In a lengthy exposé of the dishonest scheme, the New York Times reported that none of the seven people who’d said they were registered actually were, according to an investigation by the office of Georgia’s secretary of state following the posting of the video. Indeed, a spokesman for the office called the Heritage effort “a stunt,” according to the Times.
Voting in federal elections by noncitizens is punishable by fines and imprisonment for up to a year and deportation if the person is also undocumented. Nonetheless, Republicans continue to push for redundant legislation to deal with a negligible problem. States, too, bar voting by noncitizens—though that wasn’t always the case. As Arturo Castellanos Canales points out in a fact sheet for the National Immigration forum, until 1924, when Missouri passed the last state law barring noncitizens from voting in state elections, “Granting the right to vote to noncitizens was a common incentive among U.S. territories and new states to attract workers and families to work and populate the lands.”
Still, a handful of municipalities do allow noncitizens to vote in local elections, including Takoma Park, Maryland. New York City’s provision to do the same was struck down as unconstitutional by a state appeals court earlier this year. While the consensus position that only U.S. citizens should vote in any elections seems to be the best policy, the Constitution is silent on the matter.
Citizenship comes with responsibilities—to serve on juries, for example—but its chief privilege is the right to choose who will lead the country, whether at the local, state, or federal level. All of us lucky enough to be born here automatically earn that privilege, but so do lawful immigrants who naturalize after living at least five years in the United States, learning English, and passing a test about our history and laws.
Phony drives to uncover noncitizen voting fraud may end up disenfranchising citizen voters instead by intimidating both naturalized immigrants and their fellow ethnics who were born here and are entitled to vote. The real lawbreaker here may be those whose moves look less like promoting voter integrity than voter intimidation. And that may be the real point. A recent effort by Texas state attorney general Ken Paxton to ferret out “voter fraud” was aimed at campaigns to increase Hispanic voting in the state. Lidia Martinez, whose home Paxton’s office raided in search of fraud, remarked, “This is a free country. This is not Russia.” Now the nation’s oldest Hispanic civil rights organization, LULAC, is calling on the DOJ to launch its own investigation into Paxton’s actions.

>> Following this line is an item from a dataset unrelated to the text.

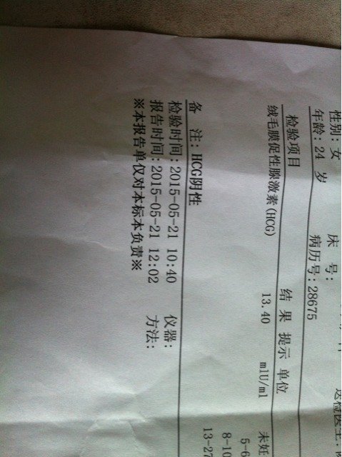 月经推迟10天,验孕棒显示阴性,今天去医院查Hcg,13.40,阴性,医生说未怀孕!开了安宫黄体酮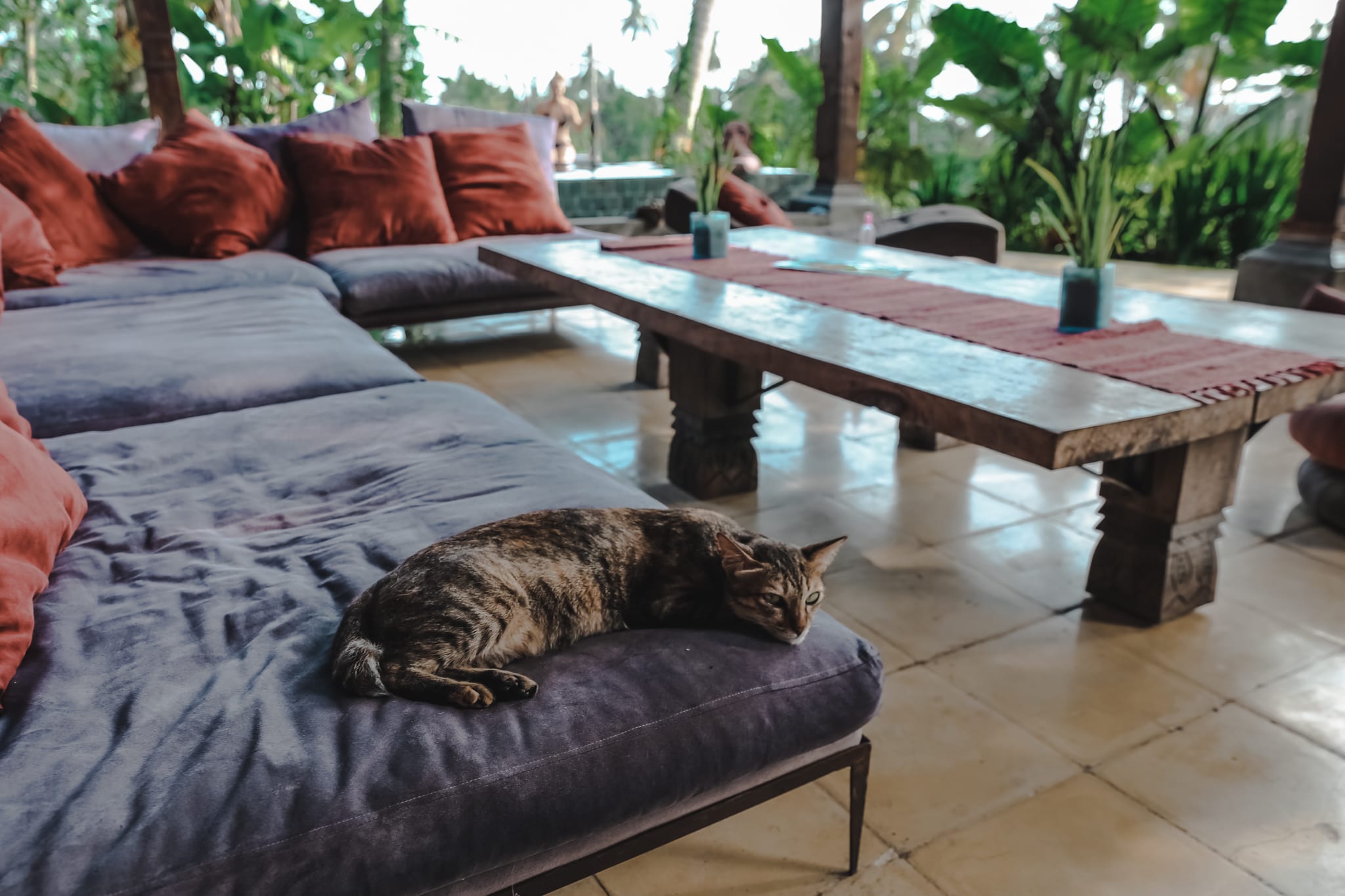 As soon as I arrived at the Birds Nest home-stay in Ubud, Bali, a skinny and striped young kitty with only a little stump as a tail pounced on my lap as I was checking into my nest (yes, I lived in an actual woven nest 4 floors off the ground) meowing and kneading her paws onto my skin. Let’s be honest: you can never tell with cats; most of them are complete assholes, swiping their claws at you with the flick of a switch and always independently swishing their tails at you as they walk away. But this cat was an exception. She was an intensely affectionate young cat, constantly chatting with every person who walked in the room. She meowed so much, it almost became annoying (and this is coming from a huge animal lover). I learned from the Balinese men that worked at the Bird’s Nest that they found her homeless in the rice fields, and her constant meowing was so obvious, they decided to name her the sound she consistently produced: “Meow”.

Several red states have already passed laws targeting voter outreach groups, levying fines and criminal penalties for assisting voters. The real election interference this November will not come from ineligible voters casting ballots, but from Trump and his allies who want to deter U.S. citizens from voting.
The events in and relating to Springfield (OH) show exactly the harm: the legislation might be "redundant" for purposes of preventing illegal voting, but perhaps it is not redundant at all as a vehicle for leveraging the power of the state against people some might wrongly argue are, I dunno, illegal migrants as opposed to legal immigrants.